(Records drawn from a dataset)
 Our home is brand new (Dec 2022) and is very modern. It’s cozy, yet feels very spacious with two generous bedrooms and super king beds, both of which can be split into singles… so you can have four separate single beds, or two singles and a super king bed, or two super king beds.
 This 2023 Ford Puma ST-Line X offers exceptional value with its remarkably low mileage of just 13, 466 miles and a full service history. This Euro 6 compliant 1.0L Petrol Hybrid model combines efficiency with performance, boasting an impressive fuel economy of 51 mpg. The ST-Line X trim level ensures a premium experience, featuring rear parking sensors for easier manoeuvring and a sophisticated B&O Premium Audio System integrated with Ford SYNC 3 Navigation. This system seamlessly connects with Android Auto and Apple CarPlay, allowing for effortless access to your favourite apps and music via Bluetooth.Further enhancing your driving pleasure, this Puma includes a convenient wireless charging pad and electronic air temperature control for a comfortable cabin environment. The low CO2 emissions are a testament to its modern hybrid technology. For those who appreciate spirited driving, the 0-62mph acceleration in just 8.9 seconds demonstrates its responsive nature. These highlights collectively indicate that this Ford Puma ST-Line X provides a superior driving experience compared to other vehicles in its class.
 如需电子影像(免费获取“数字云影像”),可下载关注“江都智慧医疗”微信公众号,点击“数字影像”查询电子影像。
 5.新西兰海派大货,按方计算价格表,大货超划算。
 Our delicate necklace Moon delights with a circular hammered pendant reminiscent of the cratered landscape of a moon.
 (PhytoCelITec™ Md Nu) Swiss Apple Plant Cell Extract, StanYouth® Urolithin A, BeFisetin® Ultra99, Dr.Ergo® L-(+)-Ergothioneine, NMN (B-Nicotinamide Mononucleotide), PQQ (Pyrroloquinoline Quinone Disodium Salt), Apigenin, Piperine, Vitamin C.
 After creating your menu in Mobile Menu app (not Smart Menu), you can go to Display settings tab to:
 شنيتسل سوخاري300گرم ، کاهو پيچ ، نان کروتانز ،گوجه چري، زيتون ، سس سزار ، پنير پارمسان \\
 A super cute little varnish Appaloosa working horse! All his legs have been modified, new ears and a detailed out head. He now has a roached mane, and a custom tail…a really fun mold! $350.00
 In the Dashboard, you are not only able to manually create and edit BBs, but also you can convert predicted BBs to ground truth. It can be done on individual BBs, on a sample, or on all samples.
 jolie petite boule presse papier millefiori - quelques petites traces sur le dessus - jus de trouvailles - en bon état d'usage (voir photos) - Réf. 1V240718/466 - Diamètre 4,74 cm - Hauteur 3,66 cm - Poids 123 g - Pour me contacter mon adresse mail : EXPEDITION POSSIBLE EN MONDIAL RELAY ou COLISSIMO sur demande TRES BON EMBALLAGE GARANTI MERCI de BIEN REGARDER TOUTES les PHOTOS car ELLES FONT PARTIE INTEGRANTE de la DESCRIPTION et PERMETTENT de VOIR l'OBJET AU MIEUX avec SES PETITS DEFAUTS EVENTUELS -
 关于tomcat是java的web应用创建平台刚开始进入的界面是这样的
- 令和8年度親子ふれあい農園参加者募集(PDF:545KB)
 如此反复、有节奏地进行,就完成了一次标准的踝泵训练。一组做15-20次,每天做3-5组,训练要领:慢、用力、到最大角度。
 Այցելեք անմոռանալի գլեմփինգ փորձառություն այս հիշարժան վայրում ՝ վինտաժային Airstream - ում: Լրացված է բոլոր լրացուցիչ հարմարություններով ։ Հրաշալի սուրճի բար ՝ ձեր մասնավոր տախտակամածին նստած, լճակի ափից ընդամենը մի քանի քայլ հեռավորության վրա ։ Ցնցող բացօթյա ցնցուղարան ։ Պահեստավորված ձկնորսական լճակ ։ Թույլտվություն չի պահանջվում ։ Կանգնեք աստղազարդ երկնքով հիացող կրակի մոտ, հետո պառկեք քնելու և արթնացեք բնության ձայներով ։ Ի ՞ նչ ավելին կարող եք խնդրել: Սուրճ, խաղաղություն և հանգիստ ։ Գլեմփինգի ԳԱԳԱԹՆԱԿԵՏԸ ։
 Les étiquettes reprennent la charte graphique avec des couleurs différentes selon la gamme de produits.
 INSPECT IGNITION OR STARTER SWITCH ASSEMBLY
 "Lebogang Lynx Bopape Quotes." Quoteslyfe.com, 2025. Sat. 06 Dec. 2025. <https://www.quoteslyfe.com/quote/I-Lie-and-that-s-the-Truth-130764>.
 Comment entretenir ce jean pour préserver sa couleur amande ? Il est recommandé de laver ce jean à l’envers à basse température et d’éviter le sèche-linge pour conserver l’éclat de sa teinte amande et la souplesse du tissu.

## WHAT YOU ARE ASKED TO DO
In the entries above, find each line that includes the string "have" and copy it.

## SOLUTION
 Our home is brand new (Dec 2022) and is very modern. It’s cozy, yet feels very spacious with two generous bedrooms and super king beds, both of which can be split into singles… so you can have four separate single beds, or two singles and a super king bed, or two super king beds.
 A super cute little varnish Appaloosa working horse! All his legs have been modified, new ears and a detailed out head. He now has a roached mane, and a custom tail…a really fun mold! $350.00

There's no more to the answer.